Jason Forte ’09 (Course 15, of Chocolate City): “I am performing investment banking equity research for Credit Suisse in New York City. I’ll be researching companies in the machinery, engineering, construction and environmental sciences sector.”
Teresa Giblin ’11 (Course 9, of Senior Haus): “I’ll be doing a UROP in the TedLab (MIT Language Lab) with Professor Ted Gibson. I’m running an experiment that will test whether or not the parts of the brain used for language processing are shared with other tasks by examining if there is correlation between people’s processing times for different, unrelated tasks. I will also test to see if presupposition – the use of a definite article in language – causes problems in language processing (i.e. if it takes a few milliseconds longer for the brain to process the concept). Finally, I’ll be testing if the type of modifier used in the object position of a sentence significantly affects processing time.”
Keone Hon ’11 (Course 18, of Phi Delts, formerly of Next House): “I’ll be doing a UROP in the Broad Institute – specifically, the Imaging Platform – to do some programming for a software package called CellProfiler Analyst that analyzes cell images, identifying cells and automating the process of counting or measuring various phenotypes. After work, I’ll be serving as a counselor for Research Science Institute (RSI), a summer program for rising high school seniors that’s hosted at MIT. For that, I’ll be living in Simmons with the students and will be organizing lots of fun activities (for example, I’m planning on playing frisbee every night).”
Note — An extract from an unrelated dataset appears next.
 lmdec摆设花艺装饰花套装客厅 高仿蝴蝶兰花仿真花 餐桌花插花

Nathan Lachenmyer ’10 (Courses 3 and/or 8, of Tetazoo): “I could write >1 page about everything I’m doing this summer. For a start, I’m UROPing with the Nanostructures and Computations Group (Collaborators with Ab-Initio, which is part of the Center for Theoretical Physics), doing Solar Car Team, self-studying 18.06 this summer, Shotokan Karate and Kokikai Aikido, and practicing my various trades (including juggling clubs, meteor-hammer, and throwing knives).
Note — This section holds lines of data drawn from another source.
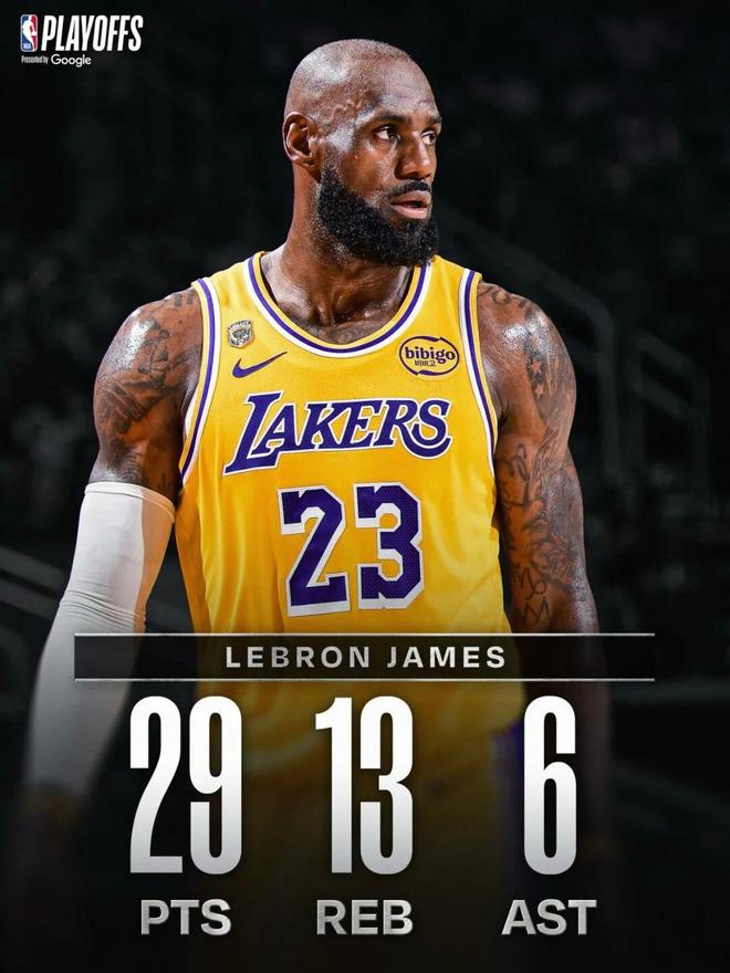 这场比赛,41岁的詹姆斯打出了非常不可思议的表现:全场出战45分钟,投篮22中10,三分9中4,罚球6中5,得到29分13篮板6助攻3抢断1盖帽。
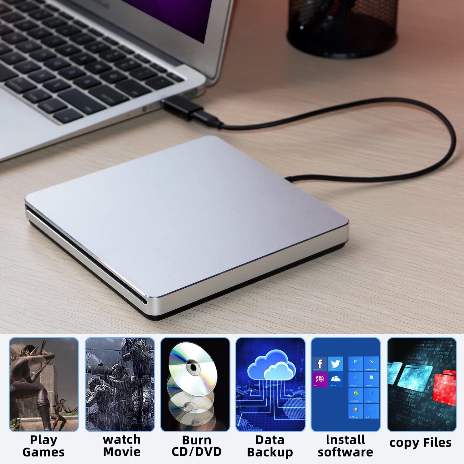 ["Special DVD Drive for MacBook"] NOLYTH This external DVD drive is made of a full aluminum alloy, perfectly matching the material of MacBooks, elegant and slim with the latest USB-C for Mac/MacBook Air Pro. We also provide a USB 3.0 adapter in case some laptops without USB-C need to use this external DVD drive.
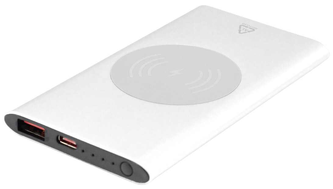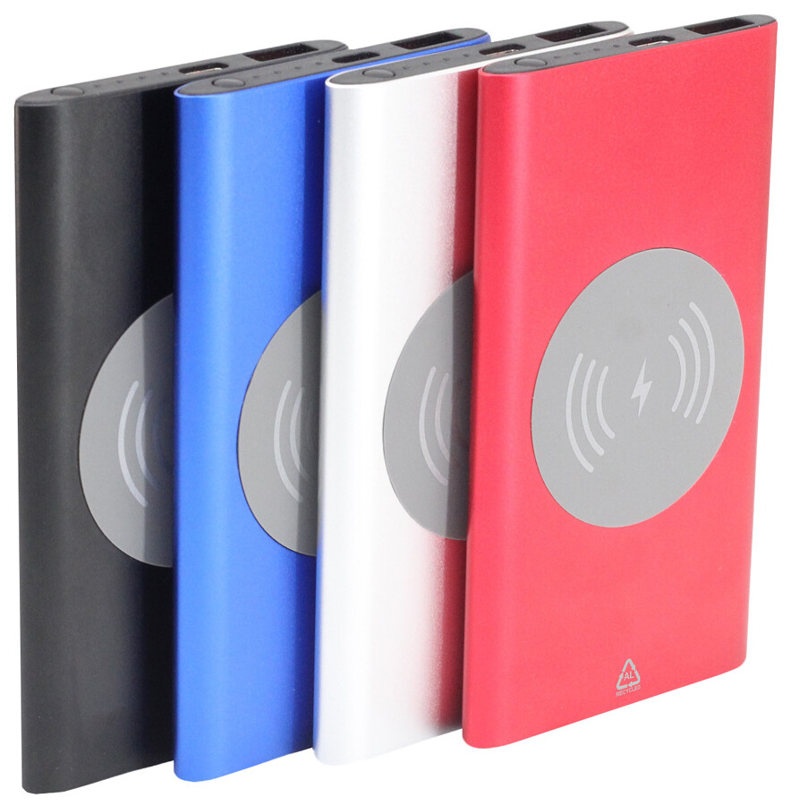 USB power banka z recyklovaného hliníku s vestavěnou bezdrátovou rychlonabíječkou (15W) a 4000 mAh baterií. S 1 portem USB a 1 portem USB-C pro nabíječku. Vstupní port USB-C. Včetně USB nabíjecího kabelu.

Michael Lin ’11 (Course 3, of Next House, formerly of Simmons): “Summer internship at NASA-Langley Research Center in southeast Virginia, Advanced Materials and Processing Branch. Mwahaha.” (Paul’s Note: Yes, he included the evil laughter in his email.)
Samantha Marquart ’11 (Course 9/Pre-Med, of Conner 2): “I am taking this summer to reflect on what I’ve done in the past year and on my journey towards MIT. I’m spending time catching up with friends and family. Getting to MIT was truly an adventure, and I love everything about being at MIT, but sometimes it’s nice to sit back and reflect on the good things in life. Additionally, I am the director of my community’s vacation bible school program. The week-long camp held in Dallas, Pennsylvania, is for kids in kindergarten through fifth grade. It’s my third year in charge of the program and the theme this year is Rainforest Adventure. I’m also working at my local hospital and baking a lot of cookies this summer too!”
Vrajesh Modi ’11 (Course 15, of East Campus, formerly of Burton-Conner): “I’m working as a GE-Infrastructure Engineering Intern for General Electric‘s Energy business. I’m a member of the Logistics and Trade Services team, which figures out how to transport abnormal objects (e.g. wind blades) from the place where they are manufactured to their final destination. The second day on the job, I visited the Port of Albany, where I observed the arrival of a ship much like this one.”
Cody Rebholz ’10 (Course 2, of Skullhouse): “I am the swim beach manager at the Boy Scout Camp that I went to when I was growing up. I’m also playing as much Ultimate Frisbee as possible with a summer league team.”